Given records:
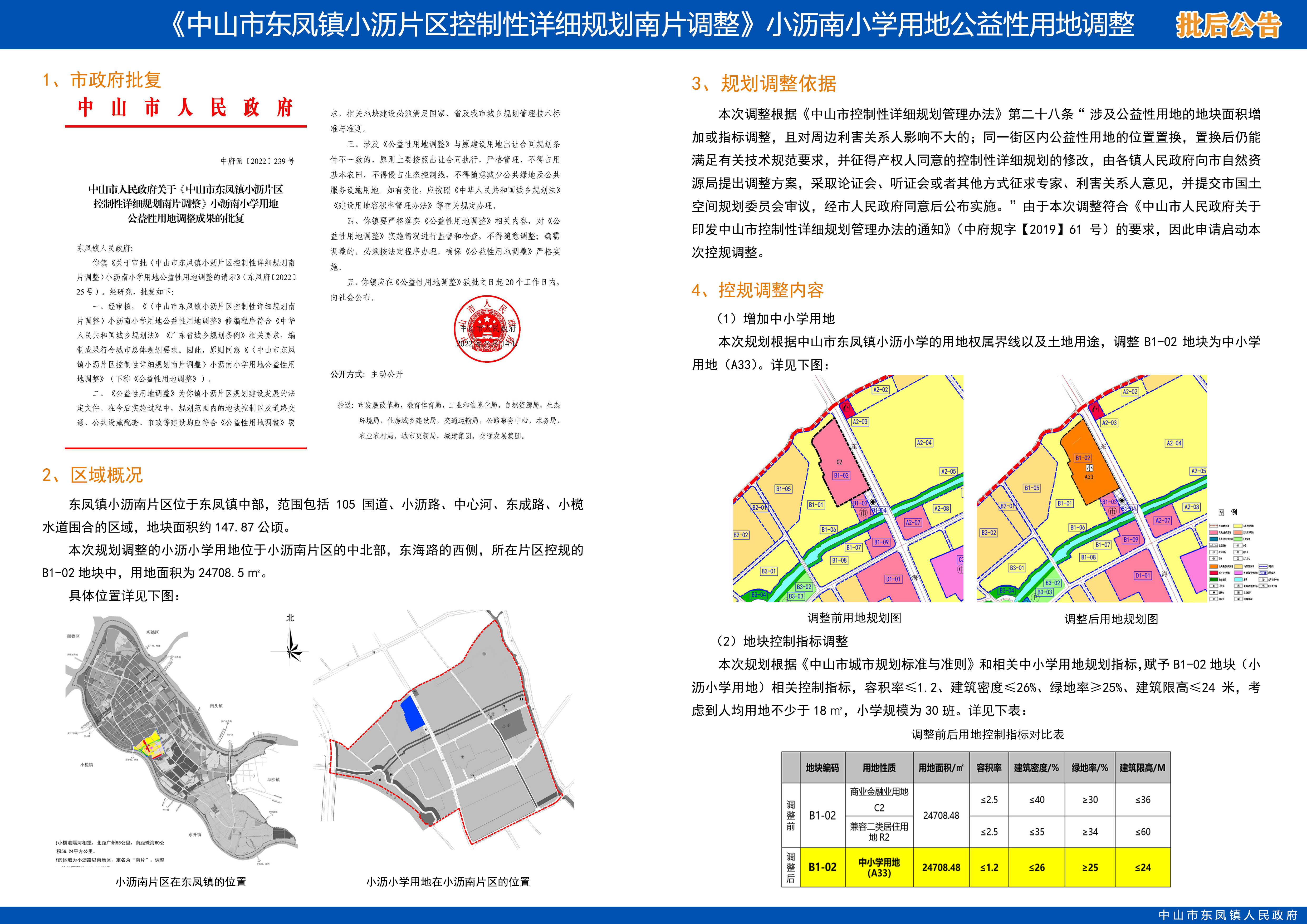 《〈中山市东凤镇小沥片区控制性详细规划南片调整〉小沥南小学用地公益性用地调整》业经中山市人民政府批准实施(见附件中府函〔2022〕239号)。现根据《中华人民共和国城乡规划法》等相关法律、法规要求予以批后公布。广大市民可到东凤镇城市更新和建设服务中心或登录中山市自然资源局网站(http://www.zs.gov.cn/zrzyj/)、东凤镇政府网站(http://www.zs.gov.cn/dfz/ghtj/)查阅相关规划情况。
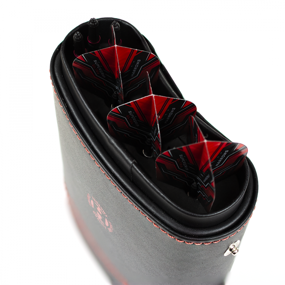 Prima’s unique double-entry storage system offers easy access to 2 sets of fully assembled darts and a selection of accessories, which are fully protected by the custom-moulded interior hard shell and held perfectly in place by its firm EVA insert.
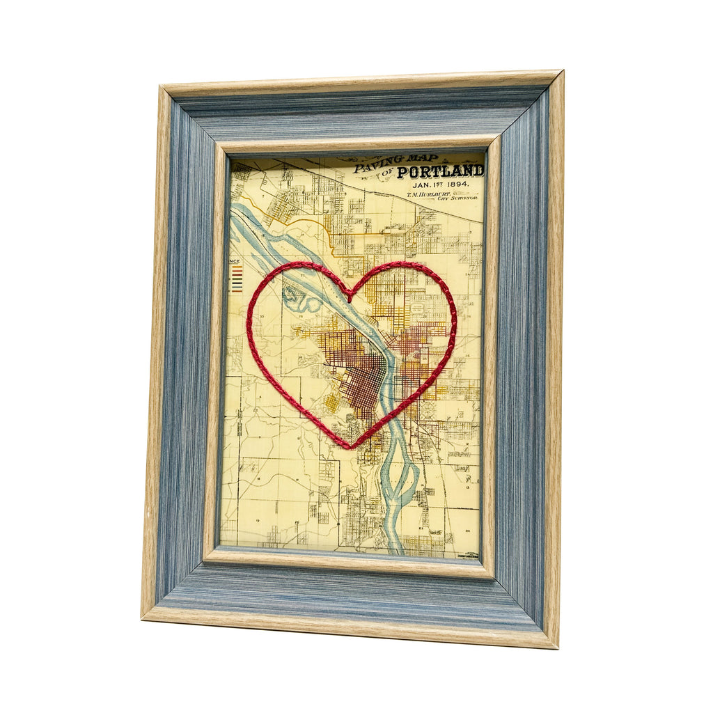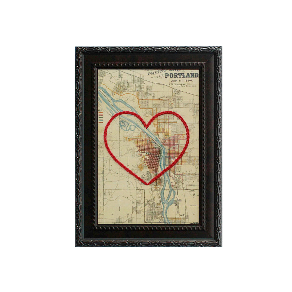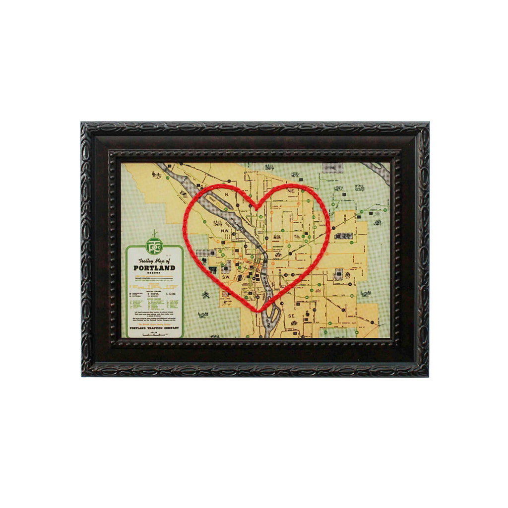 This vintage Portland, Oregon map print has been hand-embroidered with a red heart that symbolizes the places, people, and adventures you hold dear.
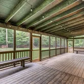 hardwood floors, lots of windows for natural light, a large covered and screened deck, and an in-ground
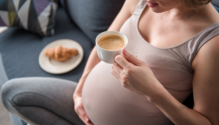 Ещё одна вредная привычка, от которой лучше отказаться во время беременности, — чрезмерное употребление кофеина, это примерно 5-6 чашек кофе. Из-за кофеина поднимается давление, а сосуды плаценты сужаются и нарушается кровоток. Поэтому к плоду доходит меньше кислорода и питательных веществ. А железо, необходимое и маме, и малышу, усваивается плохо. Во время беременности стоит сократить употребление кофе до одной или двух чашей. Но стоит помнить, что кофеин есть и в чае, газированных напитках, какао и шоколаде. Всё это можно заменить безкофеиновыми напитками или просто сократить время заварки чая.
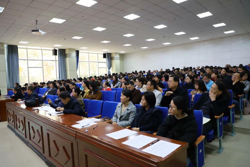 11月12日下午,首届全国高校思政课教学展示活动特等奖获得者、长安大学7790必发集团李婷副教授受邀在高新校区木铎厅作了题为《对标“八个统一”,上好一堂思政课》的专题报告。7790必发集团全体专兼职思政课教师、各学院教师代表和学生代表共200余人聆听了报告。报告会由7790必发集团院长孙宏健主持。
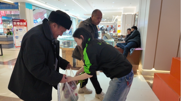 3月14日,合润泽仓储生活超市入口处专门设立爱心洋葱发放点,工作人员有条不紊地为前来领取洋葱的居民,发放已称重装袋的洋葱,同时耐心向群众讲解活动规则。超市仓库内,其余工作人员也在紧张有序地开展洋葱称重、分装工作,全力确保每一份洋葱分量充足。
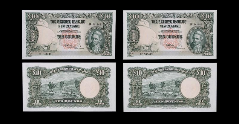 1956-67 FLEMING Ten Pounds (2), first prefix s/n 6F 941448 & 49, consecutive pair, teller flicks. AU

Brief: Set each line of the records down exactly, leaving every picture out.

Problem solution:
 《〈中山市东凤镇小沥片区控制性详细规划南片调整〉小沥南小学用地公益性用地调整》业经中山市人民政府批准实施(见附件中府函〔2022〕239号)。现根据《中华人民共和国城乡规划法》等相关法律、法规要求予以批后公布。广大市民可到东凤镇城市更新和建设服务中心或登录中山市自然资源局网站(http://www.zs.gov.cn/zrzyj/)、东凤镇政府网站(http://www.zs.gov.cn/dfz/ghtj/)查阅相关规划情况。
 Prima’s unique double-entry storage system offers easy access to 2 sets of fully assembled darts and a selection of accessories, which are fully protected by the custom-moulded interior hard shell and held perfectly in place by its firm EVA insert.
 This vintage Portland, Oregon map print has been hand-embroidered with a red heart that symbolizes the places, people, and adventures you hold dear.
 hardwood floors, lots of windows for natural light, a large covered and screened deck, and an in-ground
 Ещё одна вредная привычка, от которой лучше отказаться во время беременности, — чрезмерное употребление кофеина, это примерно 5-6 чашек кофе. Из-за кофеина поднимается давление, а сосуды плаценты сужаются и нарушается кровоток. Поэтому к плоду доходит меньше кислорода и питательных веществ. А железо, необходимое и маме, и малышу, усваивается плохо. Во время беременности стоит сократить употребление кофе до одной или двух чашей. Но стоит помнить, что кофеин есть и в чае, газированных напитках, какао и шоколаде. Всё это можно заменить безкофеиновыми напитками или просто сократить время заварки чая.
 11月12日下午,首届全国高校思政课教学展示活动特等奖获得者、长安大学7790必发集团李婷副教授受邀在高新校区木铎厅作了题为《对标“八个统一”,上好一堂思政课》的专题报告。7790必发集团全体专兼职思政课教师、各学院教师代表和学生代表共200余人聆听了报告。报告会由7790必发集团院长孙宏健主持。
 3月14日,合润泽仓储生活超市入口处专门设立爱心洋葱发放点,工作人员有条不紊地为前来领取洋葱的居民,发放已称重装袋的洋葱,同时耐心向群众讲解活动规则。超市仓库内,其余工作人员也在紧张有序地开展洋葱称重、分装工作,全力确保每一份洋葱分量充足。
 1956-67 FLEMING Ten Pounds (2), first prefix s/n 6F 941448 & 49, consecutive pair, teller flicks. AU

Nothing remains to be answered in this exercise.